By the way print( TestText == TestText2.decode("utf8")) returns False, although print output is the same.

打印(TestText == TestText2.decode(“utf8”))返回False,尽管打印输出是相同的。


How does Python 3 determine sys.stdout.encoding and how can I change it?

Python 3如何确定sys.stdout。
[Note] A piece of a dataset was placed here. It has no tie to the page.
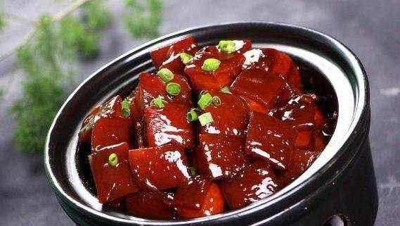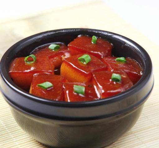 葱洗净切成段、姜切成片。铺在锅底,把五花肉皮朝下,加入花雕酒,加入生抽、老抽,放入白砂糖再加入清水大火煮开,转中火焖炖2个小时。关火,出锅装盘即可食用。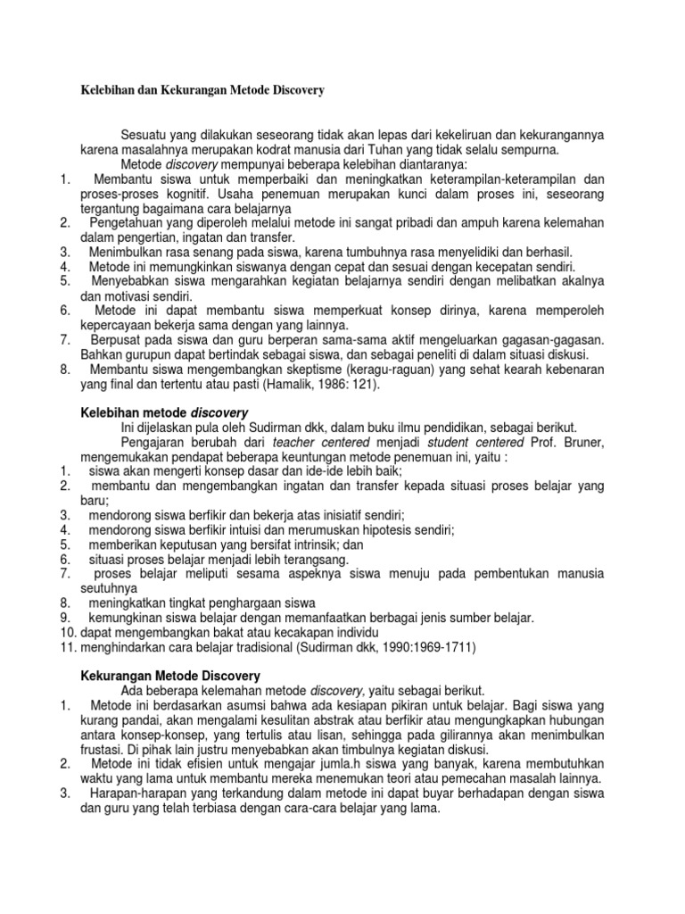 Kelebihan Dan Kekurangan Metode Discovery

编码和如何改变它?

I made a printRAW() function which works fine (actually it encodes output to UTF-8, so really it's not raw...):

我创建了一个可以正常工作的printRAW()函数(实际上它将输出编码为UTF-8,所以实际上它不是原始的…):

 def printRAW(*Text):
     RAWOut = open(1, 'w', encoding='utf8', closefd=False)
     print(*Text, file=RAWOut)
     RAWOut.flush()
     RAWOut.close()

 printRAW("Cool", TestText)

Output (now it print in UTF-8):

输出(现在用UTF-8打印):

Cool Test - āĀēĒčČ..šŠūŪžŽ

printRAW(chr(252)) also nicely prints ü (in UTF-8, [xC3][xBC]) and without errors :)

printRAW(chr(252))也很好地输出了u(在UTF-8, [xC3][xBC]),没有错误:)

Now I'm looking for maybe better solution if there's any...

现在我正在寻找更好的解决方案,如果有的话……

2 个解决方案

#1


42  

First, a correction:

首先,更正:

TestText = "Test - āĀēĒčČ..šŠūŪžŽ" # this NOT utf-8...it is a Unicode string in Python 3.X.
TestText2 = TestText.encode('utf8') # THIS is "just bytes" in UTF-8.

Now, to send UTF-8 to stdout, regardless of the console's encoding, use the right tool for the job:

现在,为了将UTF-8发送到stdout,不管控制台的编码如何,请使用正确的工具:

import sys
sys.stdout.buffer.write(TestText2)

"buffer" is a raw interface to stdout.

“缓冲区”是stdout的原始接口。

#2


13  

This is the best I can dope out from the manual, and it's a bit of a dirty hack:

这是我能从手册中找到的最好的方法,而且它有点脏。

utf8stdout = open(1, 'w', encoding='utf-8', closefd=False) # fd 1 is stdout
print(whatever, file=utf8stdout)

It seems like file objects should have a method to change their encoding, but AFAICT there isn't one.

似乎文件对象应该有一种方法来改变它们的编码,但是AFAICT并没有这样的方法。

If you write to utf8stdout and then write to sys.stdout without calling utf8stdout.flush() first, or vice versa, bad things may happen.

如果你写信给utf8stdout,然后写信给sys。如果不调用utf8stdout.flush(),或者相反,可能会发生不好的事情。

#1


42  

First, a correction:

首先,更正:

TestText = "Test - āĀēĒčČ..šŠūŪžŽ" # this NOT utf-8...it is a Unicode string in Python 3.X.
TestText2 = TestText.encode('utf8') # THIS is "just bytes" in UTF-8.

Now, to send UTF-8 to stdout, regardless of the console's encoding, use the right tool for the job:

现在,为了将UTF-8发送到stdout,不管控制台的编码如何,请使用正确的工具:

import sys
sys.stdout.buffer.write(TestText2)

"buffer" is a raw interface to stdout.

“缓冲区”是stdout的原始接口。

#2


13  

This is the best I can dope out from the manual, and it's a bit of a dirty hack:

这是我能从手册中找到的最好的方法,而且它有点脏。

utf8stdout = open(1, 'w', encoding='utf-8', closefd=False) # fd 1 is stdout
print(whatever, file=utf8stdout)

It seems like file objects should have a method to change their encoding, but AFAICT there isn't one.

似乎文件对象应该有一种方法来改变它们的编码,但是AFAICT并没有这样的方法。

If you write to utf8stdout and then write to sys.stdout without calling utf8stdout.flush() first, or vice versa, bad things may happen.

如果你写信给utf8stdout,然后写信给sys。如果不调用utf8stdout.flush(),或者相反,可能会发生不好的事情。